1914-1918. La Grande Guerre des classes
Dans l’Europe de 1914, le droit de vote universel n’existait pratiquement pas. Partout, la noblesse et les grands industriels se partageaient le pouvoir. Mais cette élite, restreinte, méprisait la démocratie et craignait les masses populaires et le spectre d’une révolution. L’Europe devait sortir « purifiée » de la guerre, et « grandie » par l’extension territoriale.
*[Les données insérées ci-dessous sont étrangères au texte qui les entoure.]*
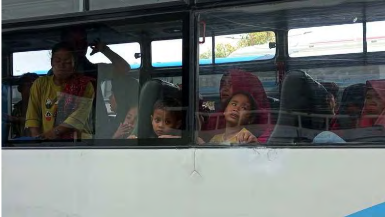
Para warga Air Bangis saat berada dalam bus yang sudah disiapkan untuk membawa mereka pulang ke Pasbar.

wawancara dengan sejumlah warga, mereka menuturkan, pemulangan paksa ini dilakukan dengan cara brutal.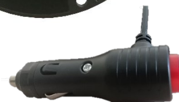
Prise allume-cigare avec bouton pour sélection du mode de clignotement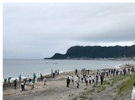
清掃活動(大森浜環境美化活動)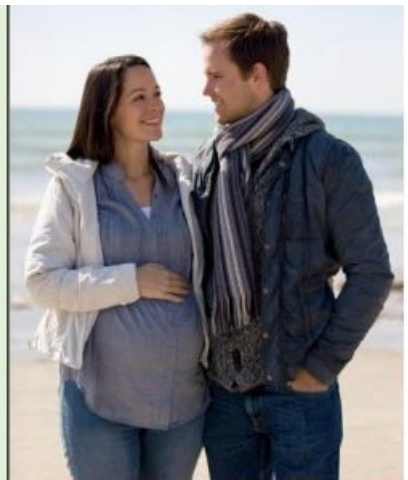
Für Frauen/ Paare, die ein Kind erwarten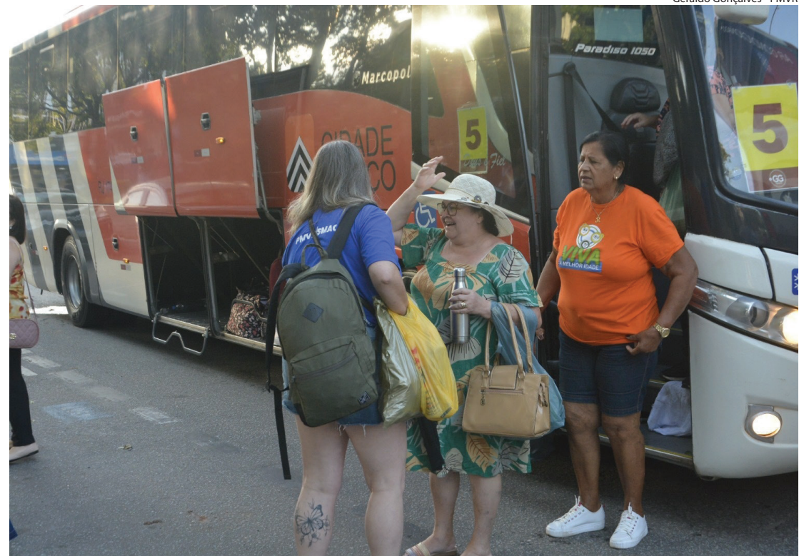
VIAGENS contemplaram mais de 8 mil pessoas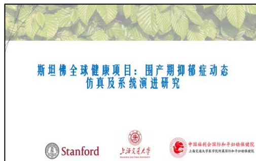
与斯坦福大学前期全球健康合作项目

7. 前期经验： 前期与斯坦福大学 (Stanford University) 开展全球健康项目的合作。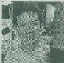
เดือนจิตเทศน์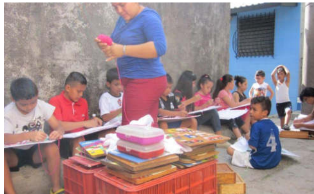
Schule unter freiem Himmel

Es würde zu weit führen, dies alles an dieser Stelle ausführlich zu beschreiben. Die Tage waren für mich intensiv und angefüllt von früh bis spät. Carolina war für mich in dieser Zeit eine wertvolle Hilfe, weil ich vieles, was ich tagsüber gesehen hatte, mit ihr abends nochmal besprechen und auch in größere Zusammenhänge einordnen konnte.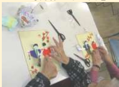
11月 七五三色紙作り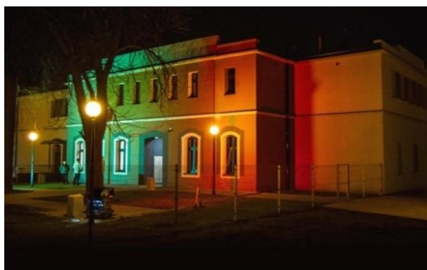
Rys. 2. Zrewitalizowany budynek byłej cechowni kopalni Rozbark obecna siedziba Teatru Tańca i Ruchu Rozbark

Jak wyglądała zatem realizacja tego zapisu w praktyce? Działalność ŚTT w Bytomiu pozostawiła po sobie ślad w postaci powołanego w marcu 2014 roku Bytomskiego Teatru Tańca i Ruchu Rozbark, zlokalizowanego w dawnej zrewitalizowanej cechowni kopalni Rozbark (budynek zaprezentowany na rysunku 2), który kontynuuje tradycje organizowania Międzynarodowej Konferencji Tańca Współczesnego i Festiwalu Sztuki Tanecznej.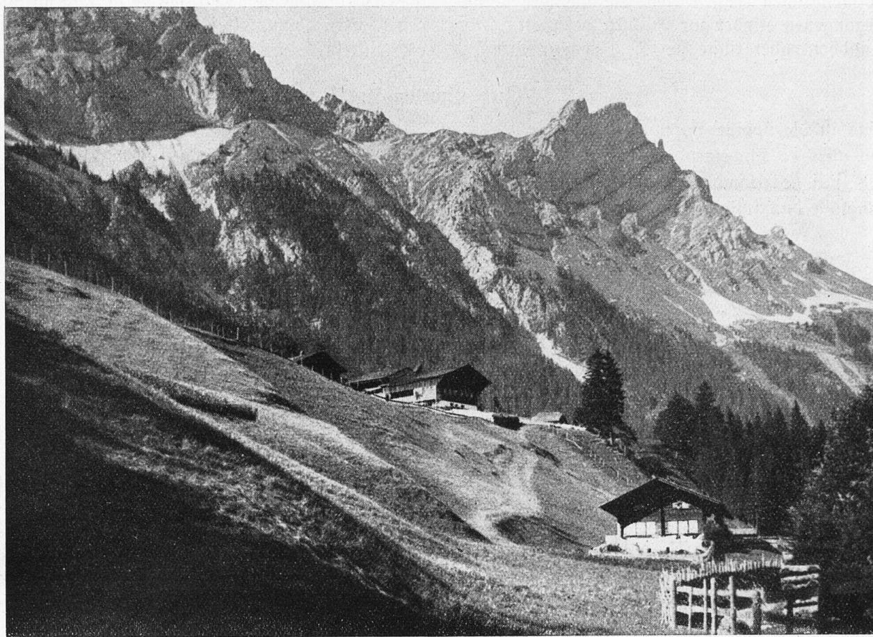
Simmentaler Bauernhäuser im Fernel.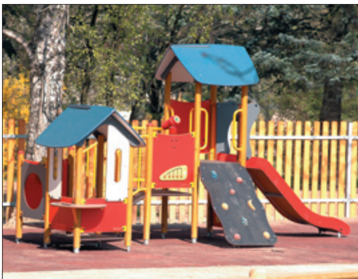
Pestrobarevné prolézačky za kulturním domem čekají na své první návštěvníky.

Hned dvě slavnostní přestřižení pásky čekají hlučinského starostu v měsíci květnu. Jako první se otevření dočká Klidová zóna v blízkosti kulturního domu, na kterou jedním a půl milionem korun přispěla Nadace ČEZ. Její zástupci spolu s představiteli města Hlučína předají 5. května v 10 hod. nové hřiště k užívání především místním dětem. Na zelení osázené ploše o rozloze cca 1300 m 2 na ně čeká celá řada hracích a sportovních prvků. Výstavba Klidové zóny stála téměř 4,8 miliónů korun. Jejím zhotovitelem byla firma ALL&ING, s.r.o. Kromě již zmíněné dotace byla finančně pokryta z rozpočtu města. (Id)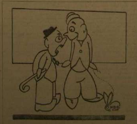
«No pongas que eres de pasados. Lo acordado no tiene importancia ninguna y es de una naturaleza del mundo.» —Barral (Hablar, a su vez) «Claro que el hombre. Todo lo que se puede, al fin siempre se consigue.»

IDELLA se honra con la colaboración honoraria de RAFAEL ACIBARRA, JOSÉ MARTINEZ RUIZ («ARCIBO»), GABRIEL MICO y MARCELINO DOMESTICO. Cuenta también con la colaboración artística del genial caricaturista LUIS BARRAL.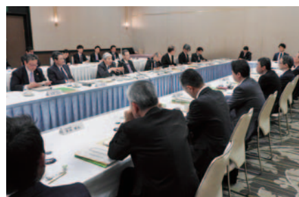
三重県にて開催した地域産業活性化委員会および 地域会員懇談会(P8)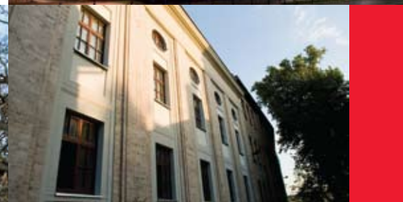
Siedziba Filharmonii Zabrzeńskiej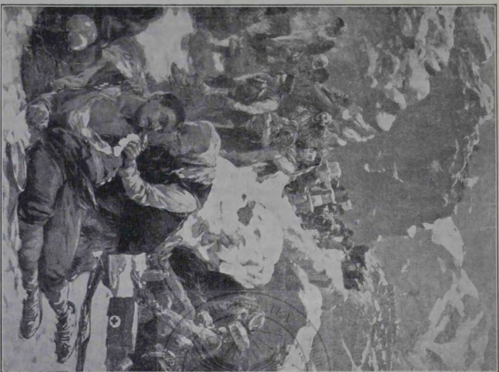
Războiul din Balcani: Lupta de la Taraboş. Femeile munte negre pansand pe răniți.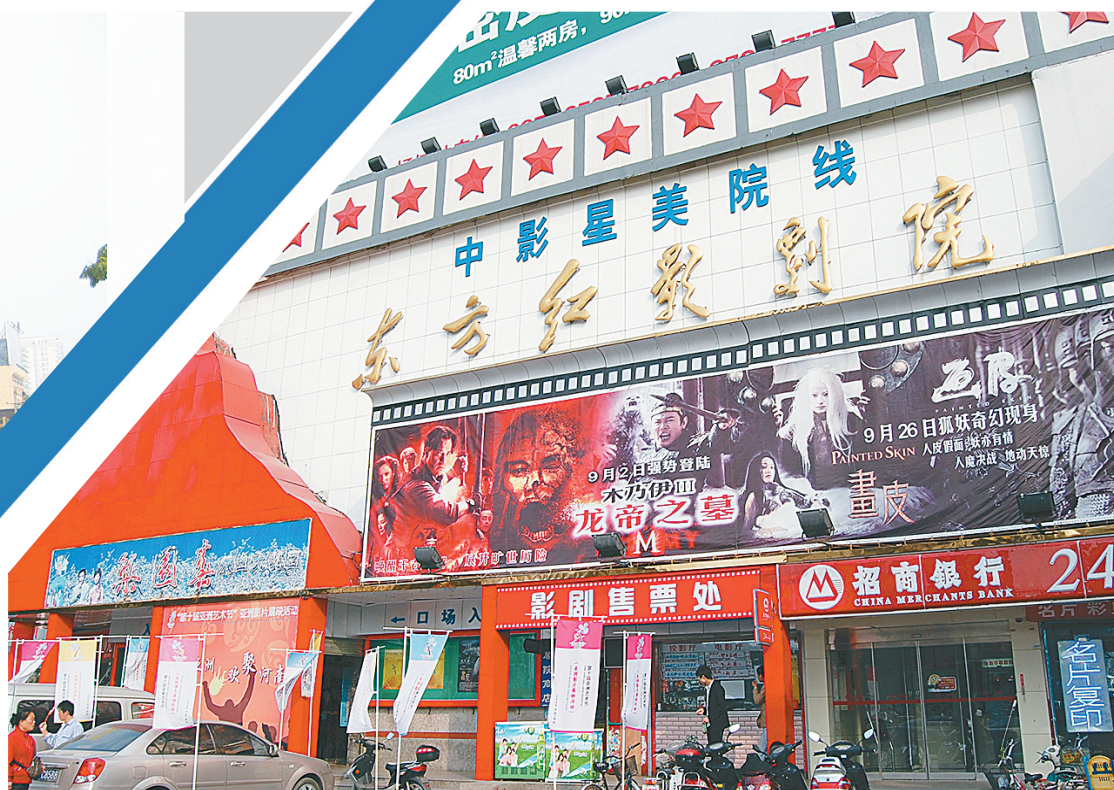
拆除前的东方红影剧院。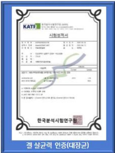
겔 살균력 인증(대장균)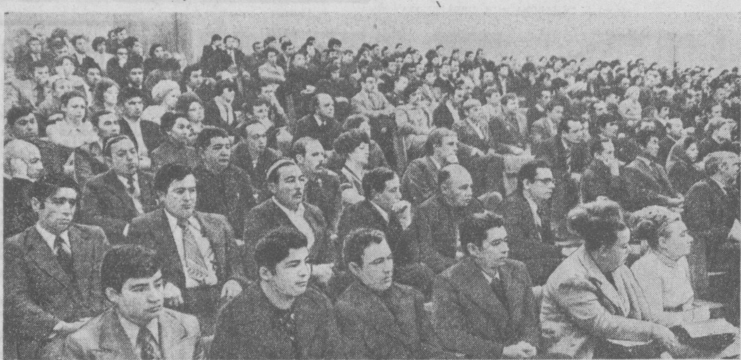
2.400 человек — партийные, советские, комсомольские работники, руководители, главные специалисты, инженерно-технические работники предприятий, транспорта, связи, работники науки и искусства, преподаватели вузов, школ и профессионально-технических училищ приступили к учебе на первом курсе старейшего в Узбекистане Ташкентского университета марксизма-ленинизма. Начались занятия в его филиалах — на авиационном производственном объединении имени Чкалова, текстильном комбинате, заводах тракторном, «Ташмет-

К учебе у нас приступает новое пополнение слушателей, хорошо информированных, имеющих большой опыт работы с людьми. Наша задача — вооружить их знаниями марксизма-ленинизма во всей его многогранности и глубине.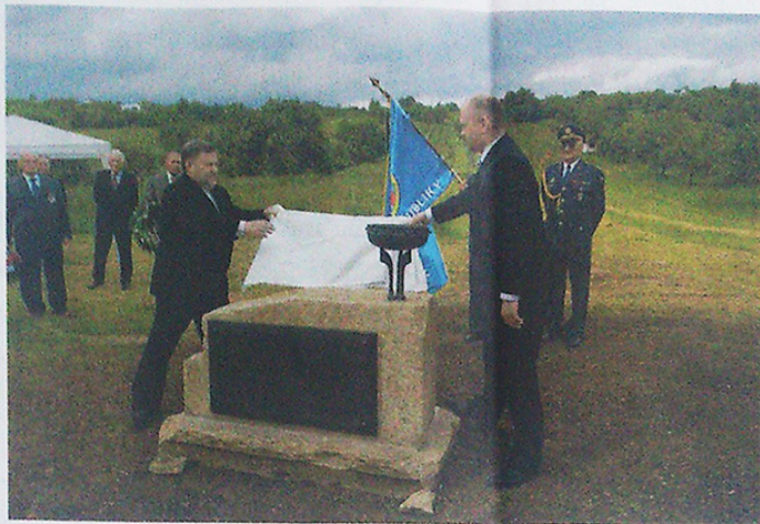
LOŇSKÉ ODHALENÍ POMNÍKU K LETECKÉ TRAGÉDII Z ROKU 1962.

Cesta do našeho „vojenského“ zařízení je zčásti naše

Et si la Première Guerre mondiale était avant tout la suite meurtrière de la lutte entre ceux d’en haut et ceux d’en bas initiée dès 1789 ? C’est la thèse magistrale du livre de Jacques Pauwels, qui connaît aujourd’hui une nouvelle édition, mise à jour, augmentée d’un index. L’historien démontre ici que les grandes puissances mondiales voulaient depuis longtemps cette guerre pour s’approprier colonies et autres richesses et écraser les idées révolutionnaires qui gagnaient de plus en plus l’Europe.  
Ce gros livre, facile à lire, donne à la Première Guerre mondiale l’éclairage, absent des commémorations médiatiques, des rapports sociaux. Les classes dirigeantes de tous les pays impérialistes ont voulu et préparé la guerre générale, 1° pour se repartager le monde qu’elles s’étaient, en vive concurrence, réparti depuis la grande crise systémique de 1873 ; 2° pour conjurer la « révolution » prétendue la menaçante, ou plutôt toute évolution vers la « démocratie ». Cette mise au point sur les réalités sociopolitiques montre comment l’immense boucherie a balayé l’union sacrée d’origine, d’ailleurs relative, et aggravé les divisions sociales, tant dans l’armée (étude passionnante) que dans la société civile, métropolitaine et coloniale. Appuyée sur une énorme bibliographie à laquelle manquent peu de titres, elle cite beaucoup de poèmes de guerre. Et, ce n’est pas la moindre de ses qualités, elle donne envie de lire les principaux ouvrages qui l’ont nourrie. Annie Lacroix-Riz, professeur émérite d’histoire contemporaine (Paris VII)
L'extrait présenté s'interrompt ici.